Justice Anthony Kennedy speaking into a microphone
Impact

In June, the private women’s health care organization Whole Woman’s Health Alliance announced a new lawsuit challenging a series of Texas laws that they allege impede women’s access to safe and legal abortion. The announcement of the suit came nearly two years to the day after the ruling in the case of Whole Woman’s Health v. Hellerstedt, which struck down a group of anti-abortion laws in Texas in perhaps the most notable reproductive rights case of this generation.

Just 13 days after the announcement of the latest suit involving Whole Woman’s Health and the state of Texas, Supreme Court Justice Anthony Kennedy — the swing jurist in the 2016 ruling — announced his retirement from the Supreme Court.

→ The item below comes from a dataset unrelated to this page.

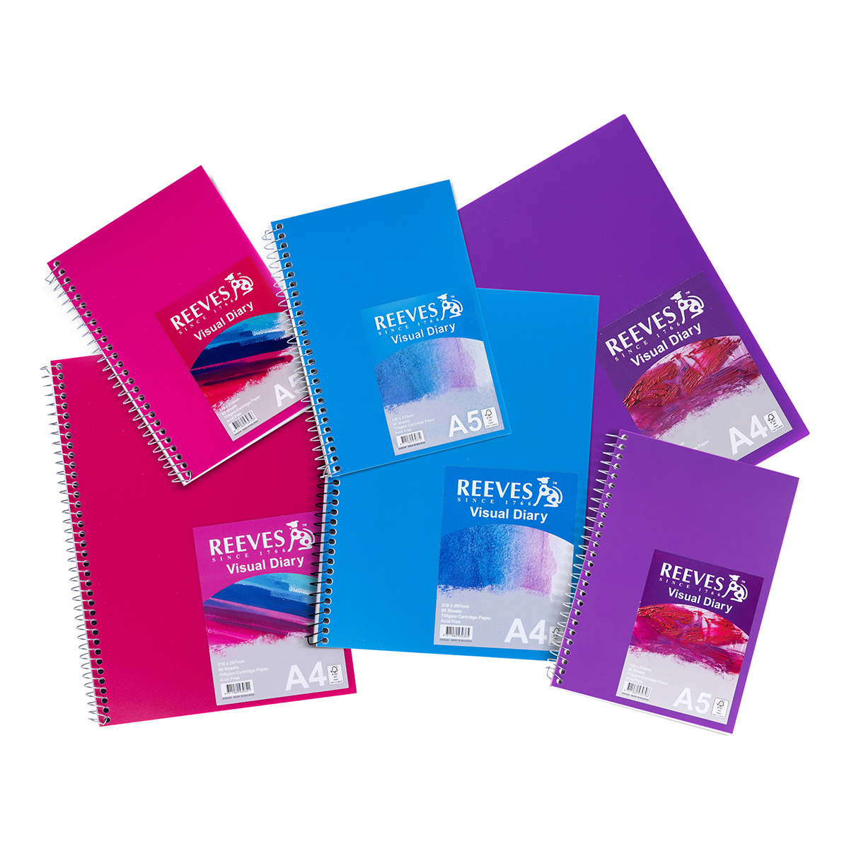 Reeves Visual Diaries are single-wired, spiral bound with brightly coloured polypropylene covers. Reeves Visual Diaries contain 110gsm white cartridge paper. These visual diaries are perfect for all levels of artists, drawers or crafters.

On July 9, President Donald Trump nominated U.S. Circuit Court Judge Brett Kavanaugh to replace Kennedy.

“On the day [Kennedy] announced his retirement, I had many conversations with many lawyers pretty quickly,” Amy Hagstrom Miller, founder and president of the Whole Woman’s Health Alliance and Whole Woman’s Health, said in a phone interview. “But we decided that all the reasons we decided to challenge these laws in the first place still exist. That people’s stories still need to be lifted up.”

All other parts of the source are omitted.